I confronted my parents that night about what I had been told, and it devastated them. That night was the only time I saw my father cry. To my parents, my success and future was the reason they left their home; my success was inextricably linked to their happiness.
When my parents and I immigrated to the States, we came legally. We petitioned the government and made arrangements to adjust our status through a sponsorship from an eligible American citizen. It turned out that the individual who had sponsored us (my mother’s employer) was not eligible to do so in the first place because she had not paid her taxes promptly. My parents had done nothing wrong. They had followed legal procedures and came to this country to claim a share of America’s promise—the idea that if you work hard and are honest, you can make it. Yet, only a few months after we filed for permanent residency, we were informed of our sponsor’s transgression and ineligibility, and told that the only legal option was to leave the States, and wait out the 10-year ban before re-applying.
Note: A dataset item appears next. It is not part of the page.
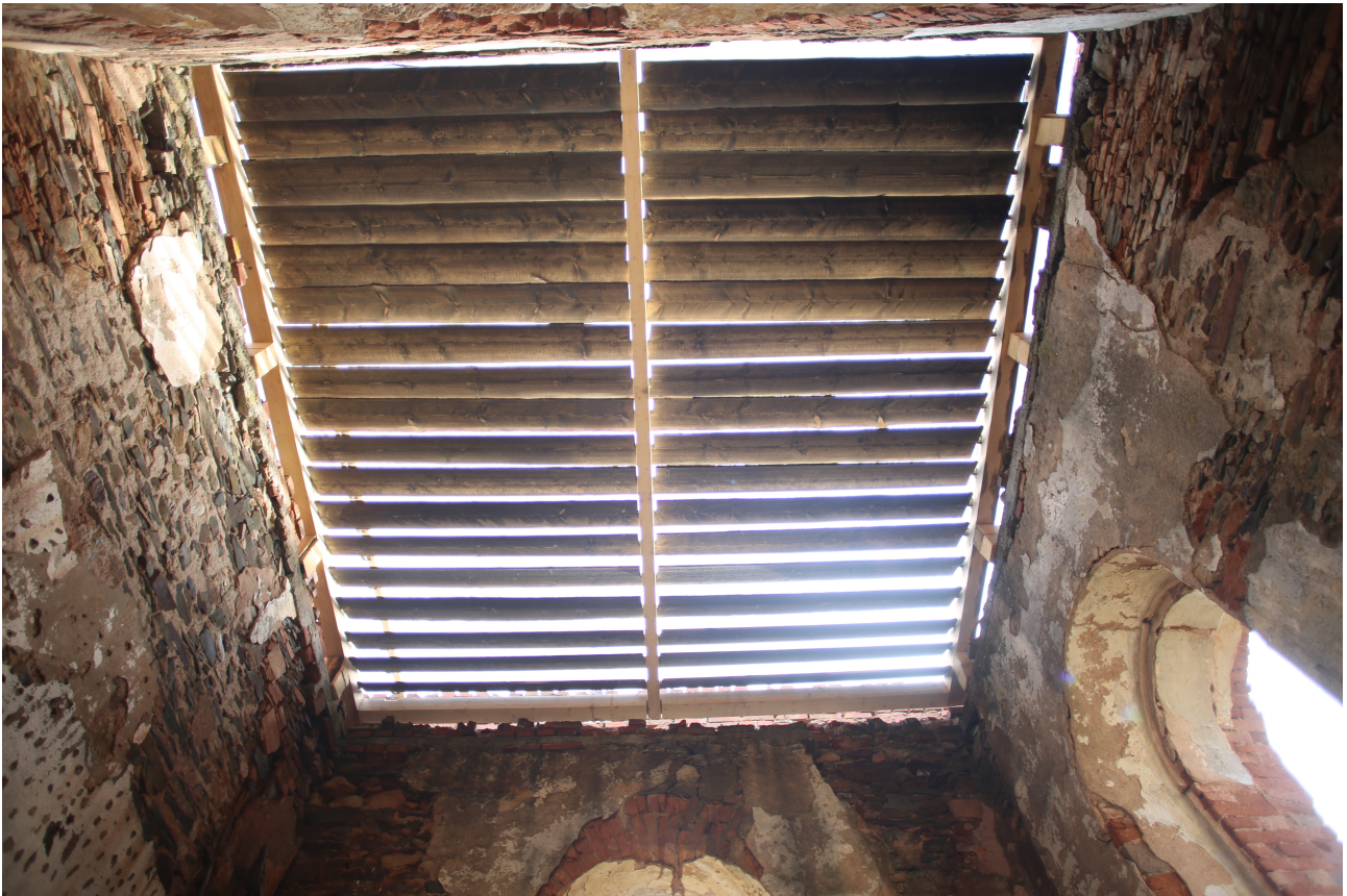
PŘÍLOHA 6 Semestrální práce – Dialog

For many, undocumented by definition means “border crosser” or “criminal.” However, a substantial portion—between 33 and 50 percent—of undocumented immigrants are visa overstayers. For many, this makes no difference—whether one crossed the border or overstayed their visa, a criminal is a criminal. Legally, however, overstaying a visa is a civil offense—akin to not paying your bills or violating a formal contract. This distinction is especially relevant during this election cycle, where presidential candidates and news organizations alike seemingly throw around these terms without nuance.
The distinction matters because being undocumented is not a singular experience. How an undocumented immigrant experiences her status depends on a multitude of factors, including country of origin, port of entry, race, ethnicity, educational attainment, income, gender, sexual orientation, and more. This is why calling an undocumented immigrant an “illegal” is not “calling it like it is”—it’s factually inaccurate, and contributes to the inflammatory rhetoric that surrounds the issue today.
Ultimately, my story is one of millions. Millions of lives, experiences, and challenges. But for me, this is personal. I feel a responsibility to share my story because many undocumented immigrants are voiceless, including my parents. They face discrimination, lack of access to health care, and a perpetual fear of the unknown. And many, like my parents, have been swept up by an immigration system that makes it impossible for people to “get right with the law” even if they wanted to. This issue affects real human beings; future discussions must reflect the dignity that they deserve.